Altogether, these results indicate that SLs regulate caulonema cell division, with a limited effect on cell length. These data confirm what was observed on chloronema filament by direct measurements of cell numbers at different times just after spore germination in Ppccd8 and WT ([6]).
Test of various SLs and analogs on caulonema length in the dark
Two types of bioassay were used: the effect on caulonema growth in the dark (filament length at 10 days after adding SLs) and a molecular assay on the expression of the PpCCD7 gene [6].

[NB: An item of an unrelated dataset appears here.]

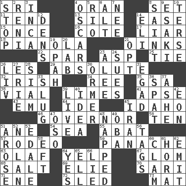 ACROSS 1. _ Lanka 4. NW Algerian seaport 8. Arrange properly for use 11. Watch over 13. Filth; sediment 14. Relaxation 15. At one time in the past 16. ____ d'Azur (French Riviera) 17. One who doesn't tell the truth 18. Player piano 21. Pig sounds 22. Coast Guard woman 23. Viper 25. Standoff 26. French article 29. Utter; complete 32. From or relating to Ireland 34. To riddle 35. Girls' org. (abbr.) 38. Small bottle 39. Citrus fruits 41. Domed church section 43. Australian flightless bird 44. Binary compound 45. Potato state 46. State head 50. Nine, plus one 51. One (Scot) 54. Ocean 55. Blind as ____ 57. Cowboy competition 59. Flamboyance 63. Norwegian king 64. Sharp bark 67. Take by theft 68. Table seasoning 69. Writer Wiesel 70. Indian skirt 71. Compass dir. 72. Downhill vehicle 73. Floor protector DOWN 1. Discontinue 2. Painter Guido (1575-1642) 3. South American Indian 4. Motion picture awards 5. River (Sp.) 6. The first octave above the treble staff 7. Born 8. Inhabitant of Heaven 9. 1973 Nobel Price Winner (Physics) Leo 10. Laconic 12. Habitations of wild animals 14. Connecticut Ivy Leaguer 19. Brightly colored fish 20. Experiment locale 21. Elect 23. Toward shelter 24. Takes to court 26. 54 in ancient Rome 27. 4th largest of the Great Lakes 28. Thailand, formerly 30. Channel Islands abalone 31. Mild oath 33. Snaillike creature with no shell 36. Argument over a trivial matter 37. American tennis player Robert 39. Moving, as bait 40. The content of cognition 42. Period of immesurable duration 45. SW Asia republic 47. Bear (Spanish) 48. Slept 49. Chief or king in Benin or Nigeria 51. Came up 52. Pitcher Ryan 53. Peak District village in England 56. Labels 58. Bank Draft (abbr.) 60. Burrowing marine mollusk 61. Israeli folk dance 62. Send forth 64. Consenting reply 65. Pipe bend 66. Whopper

We first tested the activity of a synthetic analog that shows high activity with regard to branching inhibition in pea, and is available in large amount (Figure 3; [32], [33]). Addition of the GR5 analog lacking the A and B rings led to a significant decrease of caulonemata size in Ppccd8 mutant at 0.1 µM, and in the WT and the Ppccd8 mutants at 1 µM (Figure 4 P<0.001, one-way ANOVA). The same molecule was tested again at 1 µM along with SL analogs GR24, 23 (with two methyl groups on the D ring) and 31 (a thia-3′-methyl-debranone-like molecule) and two natural SLs. All but two tested molecules significantly decreased caulonema length (P<0.05, one-way ANOVA) (Figure 5A). The GR5 molecule had effects similar to GR24 on total caulonemata length, as did the natural SL solanacol and the SL analog 23, which is one of the most effective compounds for inhibition of pea branching [32]. Solanacyl acetate and SL analog 31 showed no significant effects on caulonema growth in the dark. In another similar assay, both strigol and 5-deoxystrigol natural SLs were tested, along with GR24. 5-Deoxystrigol and GR24 had a significant effect on caulonemata length (P<0.05, one-way ANOVA), but not strigol (Figure 5B).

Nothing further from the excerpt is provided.